A quarter of a million New Zealanders held in state care suffered some form of abuse with the true number believed to be higher.
A royal commission into abuse in state care is investigating historic abuse of children, young adults and vulnerable adults by state-run institutions between 1950 and 1999, as well as in affiliated religious institutions, such as church-run orphanages. It is the largest and most complex royal commission ever undertaken in New Zealand.
Those most frequently abused by the state were society’s “most disadvantaged or marginalised segments of the community … particularly from Māori whanau [family], Pacific families, children from impoverished backgrounds, disabled people and women and girls”.
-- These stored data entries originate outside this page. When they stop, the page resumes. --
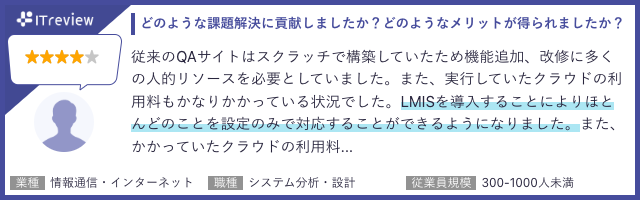 コメントの詳細はこちら:https://www.itreview.jp/products/lmis/reviews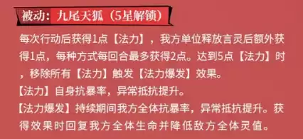 五星解锁的第二个被动“九尾天狐”,则进一步深化了九月的后期能力。其核心在于“法力”的积累机制:九月每次行动后获得1点法力,我方单位释放言灵技能时她可额外获得1点(每种方式每回合上限2点)。当法力积攒至5点时,将触发“法力爆发”并清空。在积攒过程中,九月自身的抗暴率与异常抵抗会随法力点数提升而显著增强。这意味着,战局越往后,九月自身也越难以被暴击或控制,保证了其辅助效果的稳定持续。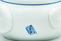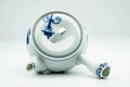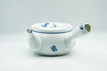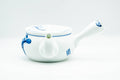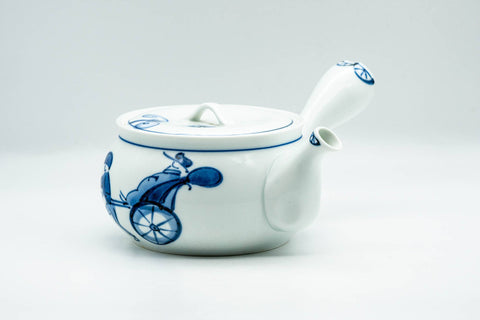 This white porcelain Arita-yaki kyusu (teapot) sports blue motifs featuring a lamp and rickshaw carriage. Its built-in ceramic debeso filter is perfect for naturally straining tea.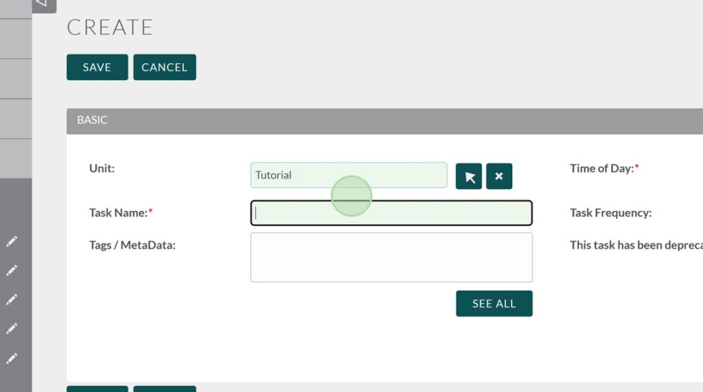 Note: Marking the task as deprecated is the only way you should discontinue a unit task. This means that you will not be able to select the unit task for data entry anymore, but it can still appear on previous tasks of when the task was still active. This works to prevent loss of data in general and for other functions like reports.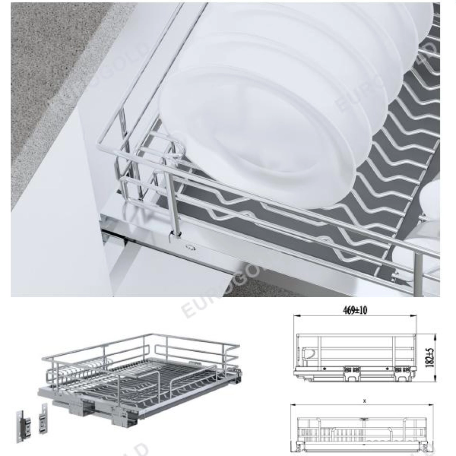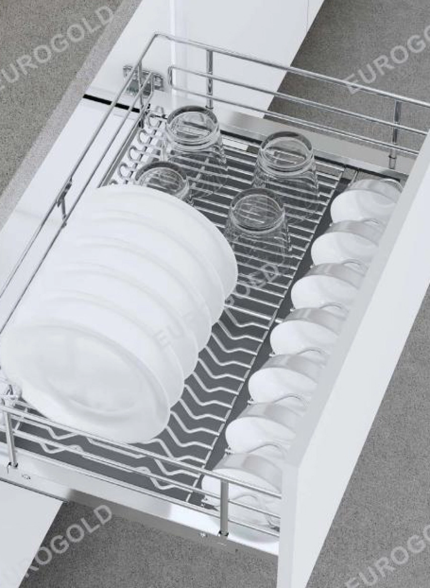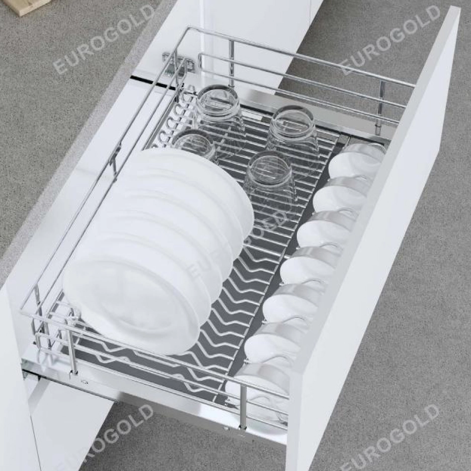 – Hệ thống ray có cấu tạo chắc chắn, chịu được trọng tải lớn lên tới 20kg giúp bạn thoải mái để bát, đĩa và xoong nồi.

The report found that many children were removed from their homes due to issues related to poverty, but were returned from state care to their families severely traumatised. Māori were over-represented in the number of children entering state care and the number of those who suffered abuse, and the “discriminatory attitudes” of officials contributed to this, the report found. Māori children continue to be over-represented in the state care system, making up 69% of children in state care, and 81% of children abused in care, despite representing only 16% of New Zealand’s population of five million.
Physical and sexual abuse was the most common type of abuse reported to the commission, but abuse also included the use of medication and medical acts [electro-convulsive therapy] as punishment, unjustified solitary confinement and isolation, improper strip searches and vaginal examinations, verbal abuse, racial slurs and “cruel, inhumane and degrading treatment”, as well as widespread neglect.
Those who complained were routinely silenced or abused again as punishment, and the commission also found attempts at active cover-ups.
Glenis Philip-Barbara, assistant Māori commissioner for children, said, “It’d be a mistake to think that what happened in the past is not still happening today.”